PALABRAS DE PRESENTACIÓN DEL LIBRO PILDORAS DEL ALMA DE JUAN VICENTE BOO:

La comunicación del Papa Francisco

 Presentación del libro:

JUAN VICENTE BOO. Papa Francisco.

Píldoras para el alma.

Espasa.

Madrid, 2017. 256p.

 

 

 

 

Buenas tardes a todos. Me alegra mucho poder compartir mesa con tan buenos amigos:

  • Con quien nos acoge en esta magnífica Universidad, su rector, Julio Martínez, de quien tengo la suerte de contar con su amistad desde la juventud, cuando nos juntábamos de varias congregaciones marianas promovidas por los jesuitas para vivir juntos la experiencia de campamentos de verano en Los Pirineos. Me consta que dirige esta Universidad con el mismo acierto y aplomo como dirigía entonces aquellos campamentos. Esta tarde además vamos de mesa en mesa, porque acabamos de inaugurar juntos los cursos de formación de catequistas de nuestra Archidiócesis con una magnífica conferencia de Julio sobre “Evangelizar en la cultura de hoy”, objetivo que también centra este acto, porque a ello contribuye también este libro que presentamos.
  • Con mi buen amigo el catedrático Federico Fernández de Buján, uno de esos pocos laicos intelectuales católicos que tan valioso servicio hacen con su pensamiento, su palabra y su pluma no sólo a la sociedad europea (sobre todo a la española y a la italiana) sino también a la Iglesia.
  • Y con mis buenos amigos y correligionarios periodistas (me llena de orgullo considerarme periodista además de sacerdote), Bieito Rubido y Juan Vicente Boo, director y corresponsal en Roma del diario ABC respectivamente. De ellos siempre he podido reconocer aquella descripción de San Juan Pablo II: “auténticos cristianos, excelentes periodistas”.
  • Y además de felicitar a Bieito por su dirección de uno de los periódicos más prestigiosos del mundo, quisiera felicitar especialmente a Juan Vicente no sólo por sus crónicas romanas en el mismo, o sus columnas de análisis (que tengo también el orgullo de compartir con él) en el semanario Alfa y Omega, sino también y muy especialmente por este libro, que se enmarca en una serie de publicaciones en las que, junto a las periodísticas, demuestra una especialísima capacidad de entender, valorar y ponderar la impronta eclesial y mundial del pontificado del Papa Francisco.
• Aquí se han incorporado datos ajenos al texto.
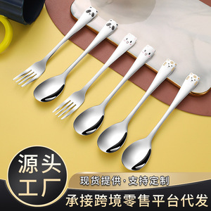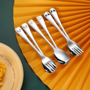 316 ステンレス鋼ロングハンドルデザートスプーンとフォーククリエイティブ漫画食べる小さなスプーンとフォーククロスボーダー子供用食器セット
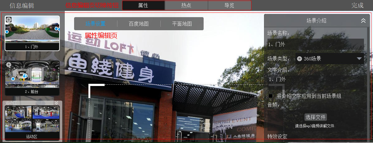 场景信息编辑对话框用于场景属性的编辑。场景属性包括场景基本属性、场景热点和场景导览。通过点击按钮“属性”、“热点”和“导览”切换对应的页面,分别进行编辑,如下图所示:
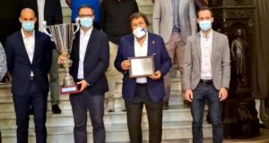El president Miquel Bestard ha assistit a Cort a la presentació del VIII Trofeu Cituat de Palma Grupo Osa, que disputaran el Palma Futsal contra el FC Barcelona.
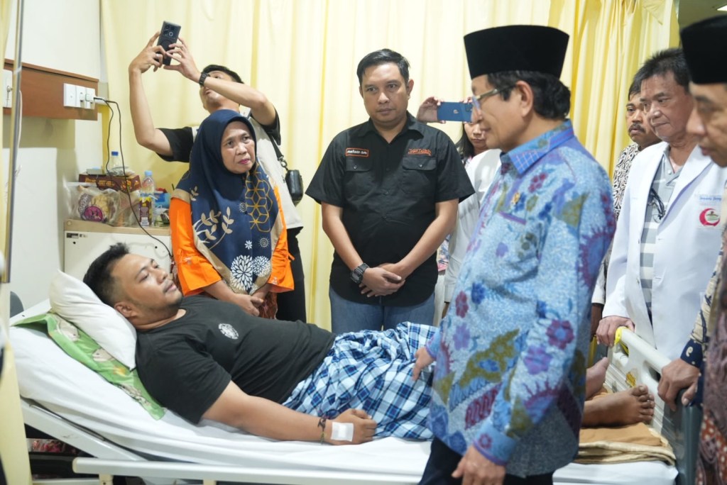Menag menjenguk tiga pasien yang masih dirawat di RS Grestelina, yakni Herianto (28), warga Lembang Utara; Arief Rahman Hakim (28), warga Jalan Kenangan 2; dan Sahabuddin (47), warga BTN Mangga Tiga. Kepada ketiganya, Menag menyerahkan sejumlah bantuan sosial dan memberikan semangat kepada keluarga.
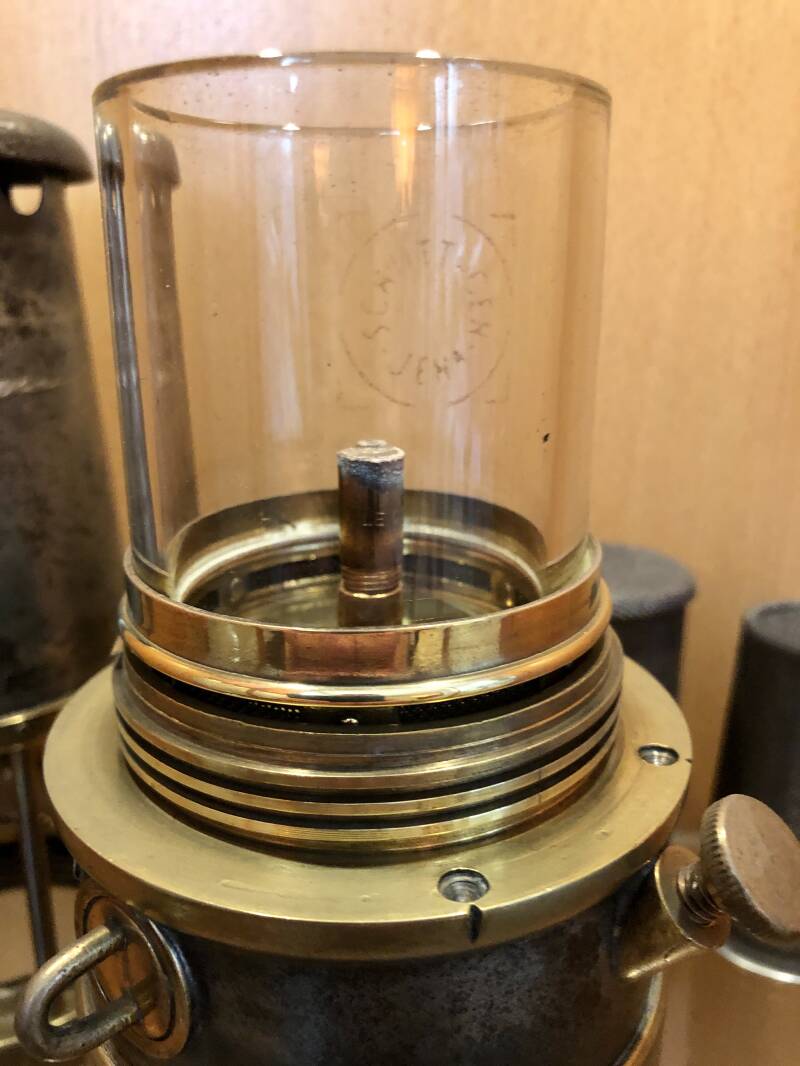 This Lamp is the Simplified Version of the German Type 800 Carbide Safety Lamp. The Flat Top is Typical for a Great-Britain Production. Lamp is complete and All Parts are Original and in Working Condition. Even the Old Schott Jena Glass is Present.

Compartiré brevemente con todos ustedes tres cuestiones que creo oportunas en la presentación de este libro que lleva el tan sugerente título de “píldoras del alma” de Juan Vicente Boo en el que se recogen los mejores tuits del Papa Francisco. Son las siguientes:

  • “Píldoras del alma”: ¿lenguaje de Twitter o lenguaje del Papa?
  • “Píldoras del alma”: ¿expresión de una Iglesia en salida?
  • “Píldoras del alma”: ¿A alguien les molesta?

1/ Píldoras del alma: ¿lenguaje de Twitter o lenguaje del Papa?

La pregunta es retórica porque es una pregunta católica, dicha en el contexto de una reflexión católica y sobre una realidad católica. Y a mi me enseñaron desde muy joven que lo católico raramente esta a favor de las opciones excluyentes (esto o lo otro) y si generalmente a favor de las opciones incluyentes (esto y lo otro). En este caso la lección se cumple a raja tabla: este libro recoge expresiones que son propias del lenguaje mediático de la red social twitter, pero exactamente con el mismo rigor podemos decir que este libro recoge expresiones que son propias del genuino lenguaje del Papa Francisco.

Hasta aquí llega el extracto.